Queridos hermanos:
Nos encontramos en el último día del año litúrgico; mañana comienza el Adviento. Y los textos litúrgicos nos siguen hablando de un necesario proceso de muerte resurrección, y de la vigilancia y esperanza con que debemos vivirlo.
El lenguaje de Daniel es artificioso y barroco, a la vez rebuscado e ingenuo. A una descripción velada de la época trágica que está viviendo el pueblo de Dios, sigue una explicación precisa de los cruces genealógicos de dinastías, cada una con su carga de persecución para la religión de Israel: un monarca pretende “aniquilar a los santos y cambiar el calendario y la ley”, es decir, sustituir la religión de Israel por paganismo. Pero al pueblo fiel ya se le advierte que tal tribulación es pasajera: que durará “tres días y medio”. En los códigos cifrados de la apocalíptica el número 7 significa perfección: referido al tiempo sería una eternidad; en cambio 3’5, la mitad de 7, significa limitación cronológica: el imperio de la rebeldía contra Dios tiene los días contados. Es una llamada al aguante sereno en la esperanza de que “el Señor Dios los iluminará y reinarán por los siglos de los siglos” (Ap 22,5).

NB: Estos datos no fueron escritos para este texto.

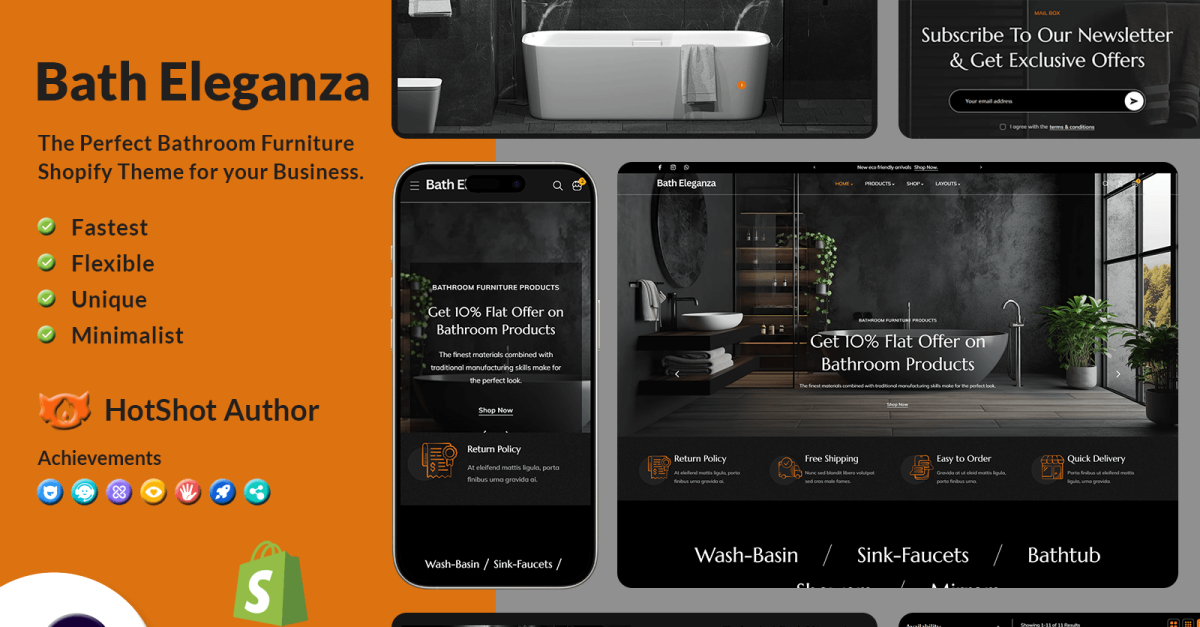 Bath Eleganza – motyw Shopify 2.0 dla mebli łazienkowych wyznacza nowy standard w luksusowym wystroju łazienek. Zaprojektowany z myślą o elegancji i praktyczności, ten motyw idealnie prezentuje wysokiej jakości meble i akcesoria łazienkowe – od eleganckich mebli łazienkowych po stylowe rozwiązania do przechowywania. Jest on stworzony zarówno dla wymagających właścicieli domów, jak i profesjonalistów zajmujących się aranżacją wnętrz.

Hace años hablaba frecuentemente la teología de la orientación de la humanidad, e incluso de la creación entera, hacia el punto omega, que es Cristo Resucitado. La vocación de todo lo creado es la participación en su gloria; él es el salvador que “transformará nuestra condición humilde configurándonos con su condición gloriosa gracias a la energía de su poder para sometérselo todo” (Flp 3,21).
El libro de Daniel contemplaba esa transformación como algo instantáneo: en un breve juicio “se quitaba el poder a la bestia y se daba a los santos del altísimo” (Dn 7,26-27). El tercer evangelista, testigo de una historia duradera de gracia y de pecado, sabe que todo esto es un proceso, que la oferta salvífica debe ser acogida “cada día” (en él menudea esta expresión) por el creyente. Su comunidad quizá va cayendo en la inconsciencia y necesita ser renovada y desperezada. A ella, como a nosotros, “los agobios de la vida”, a veces acompañados del “vicio y la bebida” (cada uno deberemos hacer la propia traducción) la pueden despistar respecto de lo fundamental.
Se ha dicho que la rutina habitual hace más estrago que un pecado grave aislado; éste puede incluso proporcionar una sacudida saludable, mientras que aquella funciona como permanente anestesia. La liturgia nos ofrece los llamados “tiempos fuertes”; mañana iniciamos uno, el Adviento. Ojalá sea ocasión de abandonar inconsciencias y perezas y de someternos generosamente a ese tribunal que despoje a nuestros “reyes interiores” inicuos y nos haga crecer en pertenencia al “pueblo de los santos del Altísimo”.